Kisselbrack, who owns Leah’s Bella Vita had rented her area at 153 Main Avenue since 2011, earlier than buying the constructing in October 2019.

Like Novak and Oakes, Kisselbrack noticed the chance, even with two young children at residence.

“Business actual property was not on my bucket checklist to study, however right here we’re,” she mentioned. “I talked to my husband and he mentioned, ‘We’ve to do it.’”

Kisselbrack mentioned that initially she was afraid of constructing the dedication, however that proudly owning the constructing had modified her outlook.

“Earlier than, in fact, I knew I had a future right here, however now I see a complete totally different, a extra tangible ‘actual deal’ future, like the best way you consider your own home in shopping for versus renting. Once you purchase a home you consider your future in that area greater than you do whenever you’re renting,” she mentioned.

Leah Kisselbrack, proprietor of Leah’s Bella Vita in Deep River (CT Examiner/Hewitt)

Kisselbrack is now additionally the owner of the barbershop subsequent door, which she mentioned, surprisingly, has not been a battle for both enterprise.

“They don’t wash hair, they don’t do coloring. Guys who come right here need to go to a salon, guys who need to go to a barbershop go there,” she mentioned.

Like her fellow constructing house owners, she mentioned the situation on Main Avenue has been “unbelievable.”

“Deep River has gotten way more superior through the years.

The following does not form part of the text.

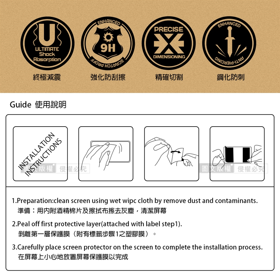 保護貼屬一次性商品,請務必先比對平板孔位、大小是否符合需求,再行使用;如底膜撕除後恕無法進行退換貨處理。
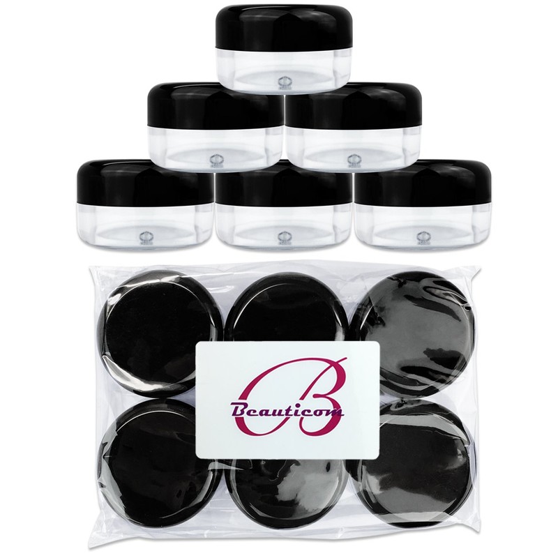 Beauticom 15 gram/15ml Empty Clear Small Round Travel Container Jars with Lids for Make Up Powders, Eyeshadow Pigments, Lotions, Creams, Lip Balm, Lip Gloss, Samples (6 Pieces, Black Lid)

I’m right here for the long run,” she mentioned.

Experiential buying

Novak mentioned that the Compass Rose constructing was a dry items retailer at one time and had served an essential function within the city — a historical past that turned essential when she and her husband determined to renovate the area in 2016, earlier than they knew they’d personal the situation.

“It was the place the place all of the folks within the space got here for cloth, underwear, gymnasium uniforms at the highschool, sneakers. We needed to convey it again to its outdated roots of a basic store-retail spot,” she mentioned, including that the show counter in her store was authentic to the dry items retailer.

Novak mentioned that Milton Realty had been the occupant for greater than 40 years and had built-out the area into places of work.

“We took down the partitions and refinished the flooring. We did what we would have liked to do to convey it up to the mark and to protect and defend,” she mentioned.

Even with the rise of web buying, the authenticity of the “basic retailer” expertise will probably maintain customers returning to small-town retailers like these in Deep River, Novak mentioned.

“The web and buying on-line are completely right here to remain, however I feel the small principal road brick and mortars [provide] that old style sense of connection and neighborhood, with the ability to strive issues on and contact and really feel, that I feel is stronger,” she mentioned.

“Folks store on-line however not for the whole lot after which they get pleasure from going out to their cities, or after they’re on trip, into the enjoyable little retailers and having that tactile expertise,” she mentioned. “We don’t want 100 % of the enterprise, it’s that we complement their buying expertise.”